Claudina sonríe cuando evoca a sus nietos tan libres y formales y se entelan sus ojos cuando, al vencer la tarde, besa sus fotos en la habitación. Sorbiendo la cena, sola frente al eucalipto, Claudina recuerda la última vez que los vio y espera la llegada de otro fin de mes para estar con su hija, para estar con su hijo y comer con ellos en un restaurante suburbial.

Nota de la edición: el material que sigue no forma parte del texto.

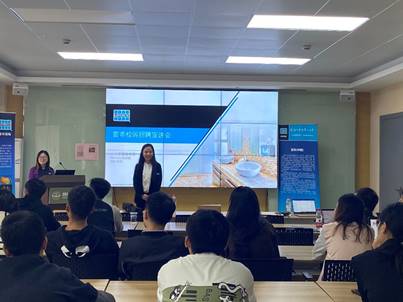 首先,通过视频放映的形式以及利健文总监ppt讲解的形式介绍了雷帝(中国)建筑材料有限公司的情况、公司的性质、发展历史、运营模式以及公司产品的应用价值和应用方向。之后,陆佳敏总监对雷帝公司的企业文化、使命、愿景及核心价值观做了详细的说明,后续的应届生人才培养方式的讲述更激起了同学们极大的兴趣。紧接着,陆佳敏总监邀请就职于雷帝公司的东华校友分享就职体验与感想,介绍工作心得、岗位内容以及公司部分产品概况,旨在吸引即将毕业的“新鲜血液”。在现场答疑环节,陆佳敏总监对同学提出的“试用期薪资”、“毕业生落户政策”、“是否会存在加班,加班薪资发放”、“后续面试安排”“岗位晋升”等问题进行详细解答,帮助同学更深入的了解公司内部机制和运营模式。

Claudina no ha visto dónde vive el notario, ni dónde la arquitecta. Y no sabe que ambos dijeron adiós a su vida formal. Ella con Mauricio, ese abogado ufano con cara de chorlito que le gritaba «¡Claudi!» y la miraba mal; él con Isabela, esa economista boba que al mes siguiente de conocer a su hijo, la apartó de su lado, la ingresó en «Bonavida» y la llamó «mamá».

Claudina no ha salido a pasear. Una ambulancia fúnebre ha ido a recogerla. Al parecer, había quedado a ciegas (sin saberlo nadie) con Luciano. Un minero guapo que la arrancó de Asturias (hace sesenta años) como un mineral.

Luciano, su Luciano, también le regalaba flores. Como su hija arquitecto y su hijo notario. Los dos hijos que Luciano no conoció en persona, aunque sí en el vientre, cinco meses antes de la explosión de gas.

Luciano se fue en febrero del ochenta y cuatro. Nunca fue a Londres. Nunca viajó en avión. Claudina tampoco, pero veía el Támesis en una postal que, una vez al año, Fernando le escribía. En esa inmensidad se abrazaba a Luciano, a la fatua Mireia, a su hija e hijo, a las flores de plástico que le daban al verla, antes de comer.

Y rodaba una lágrima pequeña y salada como el mar de Marte que han descubierto hoy a doscientos veinticinco millones de kilómetros. Dios mío, qué distancia.

Así somos los hombres. Viajamos al espacio y olvidamos viajar debajo de la piel.